Ainsi, à la lecture des plans mis à l'enquête

complémentaire, on observe que les locaux concernés ne comportent désormais plus

qu'une seule ouverture (la porte d'accès), en dehors de laquelle ils sont

entièrement fermés. Quand bien même la porte d'accès devrait être vitrée selon la

recourante, l'éclairage des locaux demeure largement insuffisant au regard de

l'art. 28 RLATC. En effet, la proportion minimale de 1/8 entre la surface de

l'ouverture et celle du plancher n'est de loin pas atteinte; la proportion est en

l'occurrence de l'ordre de 1/18, la pièce présentant une surface de plancher de

18.

m2 (4 m x 4,5 m) et celle de la porte d'entrée vitrée présentant une

surface maximale de 2 m2 (1 m x 2 m). A cela s'ajoute que les locaux

litigieux ne présentent toujours pas de liaison directe avec les appartements

qu'ils jouxtent, l'accès étant prévu par la terrasse (pour le rez inférieur),

respectivement par le balcon (pour le rez supérieur). L'intitulé des locaux a certes

été modifié, mais la nouvelle affectation prévue est similaire à l'ancienne, en

ce sens qu'elle constitue une pièce annexe qui n'a pas vocation à servir de

pièce de vie, selon les explications de la constructrice. Enfin, la publication

en 2017 d'une annonce relative à un appartement comportant trois chambres à

coucher ne constitue pas un indice du fait que les locaux litigieux seraient

voués à l'habitation. Il ressort en effet des explications de la constructrice

et de la comparaison des plans mis à l'enquête publique en 2015 et 2018 que

l'appartement sis au rez supérieur comportait - initialement - trois chambres à

coucher et qu'il n'en comporte - selon le projet modifié - plus que deux.
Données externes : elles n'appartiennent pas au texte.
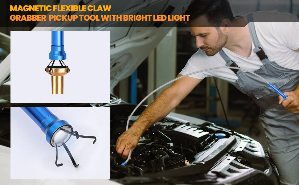 【Pickup Tool】Need help retrieving nuts, bolts, screws, jewelry and lost items from hard-to-reach places? We have you covered. Our Magnetic flexible pickup tool is 24 inches long with a cable so thin it can go down the drain! And with LED lights!

Au vu

de ces éléments, il y a lieu de constater que les modifications apportées aux

locaux litigieux dans le cadre de l'enquête complémentaire ne rendent pas ceux-ci

habitables, en l'état; au contraire, lesdites modifications tendent à les rendre

encore moins habitables qu'initialement projetés.
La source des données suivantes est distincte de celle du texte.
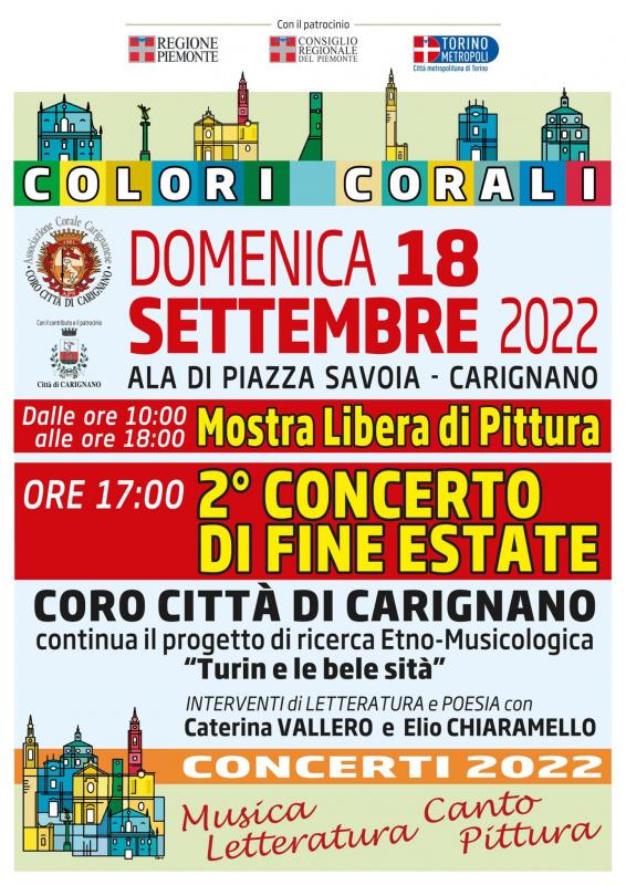 A distanza di un anno dal “Concerto della Rinascita”, che segnò la prima esibizione pubblica dopo i lunghi mesi della pandemia, l’Associazione Corale Carignanese APS e il Coro “Città di Carignano” ripropongono, sotto il nome di “Concerto di Fine Estate”, lo stesso format, che riunisce in solo evento canto popolare, arte e letteratura.

Cela étant, il est légitime de se poser la question

de savoir si la constructrice a entrevu la possibilité de rendre, à terme, les

locaux litigieux habitables, ce qu'elle conteste. On observe en effet que ces

locaux, tels qu'ils ont été autorisés (par le premier permis de construire), pourraient

être rendus habitables moyennant quelques modifications. A cet égard, on constate,

en premier lieu, que les locaux litigieux sont isolés, leurs murs extérieurs (en

façade nord, est et partiellement sud) comprenant notamment une couche d'isolation.

En second lieu, il convient de relever qu'en façade sud, le mur prévu de part

et d'autre de la porte d'accès pourrait, selon sa composition, facilement laisser

place à une plus large ouverture. A cela s'ajoute que les locaux litigieux sont

séparés des appartements qu'ils jouxtent par un mur non porteur, qui pourrait

être abattu, permettant de constituer, par l'accès direct en bout de couloir,

un appartement de plus grande surface d'un même tenant. Enfin, les locaux

litigieux sont orientés vers le sud et constituent une pièce de belles

dimensions (plus grande que les chambres des appartements projetés aux rez

inférieur et supérieur), qui donne directement sur l’espace du balcon élargi.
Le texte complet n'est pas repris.